In diesem Blogartikel möchte ich dir 5 typische Glaubenssätze teilen, die dich heimlich ausbremsen und dich in diese Frustfalle führen können.
Vielleicht wirst du dich in dem einen oder anderen wiedererkennen!
👉🏼 Ich werde dir hier Ansätze zeigen, wie du die ersten Schritte machen kannst, um sie nach und nach aufzulösen.
Damit du wirklich beginnen kannst, deinen Alltag so zu planen, ohne dich selbst unter Druck zu setzen und am Abend frustriert zu sein! 🧭
Los geht´s..
🧭 Inhaltsverzeichnis
1️⃣💡Warum deine Planung scheitert: Der unbewusste Saboteur
2️⃣📝 Die To-Do-Falle: „Ich plane doch! Warum klappt’s trotzdem nicht?“
3️⃣⛓️ Starrheit & Frust: „Wenn ich plane, muss ich mich auch daran halten, sonst war’s umsonst.“
4️⃣🧠 Der volle Browser: „Ich hab doch alles im Kopf, ich brauche keine Planung.“
5️⃣💔 System statt Disziplin: „Ich plane, aber ich halte es sowieso nicht lange durch.“
6️⃣🍲 Essen unter Stress: „Essen planen lohnt sich bei mir eh nicht! Ich hab ja sowieso nie Zeit zu kochen.“
7️⃣✨ Fazit: Raus aus der Sabotage! Dein neuer Weg für deinen Alltag
❓Wie schaffe ich es, Dinge zu erledigen?
2️⃣💬 Glaubenssatz Nr. 1: „Ich plane doch! Warum klappt’s trotzdem nicht, dass ich alle meine Aufgaben schaffe?“
Leider verwechseln viele Menschen Planung mit einer Aufgabensammlung.
Eine ToDo-Liste vermittelt Sicherheit, weil sie Ordnung verspricht, doch in Wahrheit ist sie nur ein Parkplatz für Gedanken!
Der Unterschied zwischen „aufschreiben“ und „planen“ ist entscheidend:
Beim Aufschreiben sammelst du Aufgaben, beim Planen schaffst du Struktur, Reihenfolge und realistische Zeitfenster.
💡 Psychologisch gesehen erzeugen endlose Listen oft das Gefühl, produktiv zu sein, weil du ständig „etwas tust“.
Doch das Belohnungssystem im Gehirn reagiert auf Aktivität, nicht auf Effektivität.
So entsteht das, was Zeitmanagement-Experten den Busy-Mode nennen: Viel Bewegung, aber wenig Fortschritt!

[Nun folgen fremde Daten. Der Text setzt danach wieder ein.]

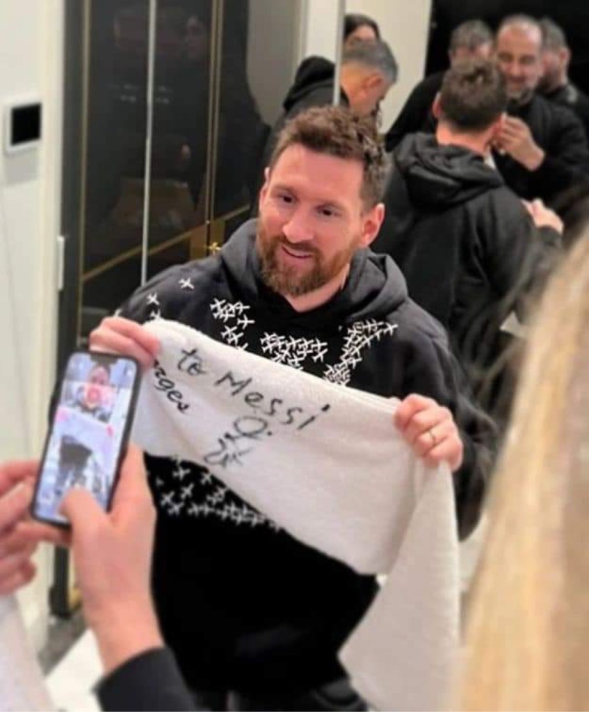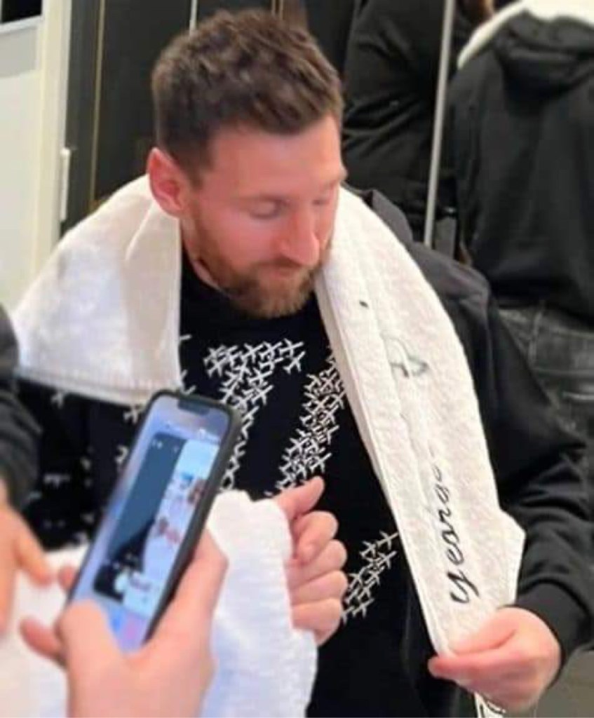 وكانت الهدية التي استلمها ميسي في النادي الباريسي عبارة عن “منشفة” موقع عليها باسم “ميسي”، وقد بدا الأخير سعيداً وهو يحمل المنشفة ويلتقط الصور .

Die moderne Gehirnforschung bestätigt das:
Laut mehreren Studien wird das menschliche Gehirn bei zu vielen offenen Aufgaben ständig unterbrochen, im Schnitt alle 11 Minuten, das wir immer wieder denken: “Ich muss hier fertig werden, denn ich muss noch die und die Aufgabe erledigen..”
Und dafür brauchen wir gar keine anderen, die uns unterbrechen! Das macht unser Gehirn bei zu vielen “offenen Tabs” schon von ganz alleine.
Jede Unterbrechung kostet im Durchschnitt 23 Minuten, bis du dich wieder vollständig konzentrieren kannst.
Heißt: Je mehr ToDo´s du planlos sammelst, desto weniger erreichst du!!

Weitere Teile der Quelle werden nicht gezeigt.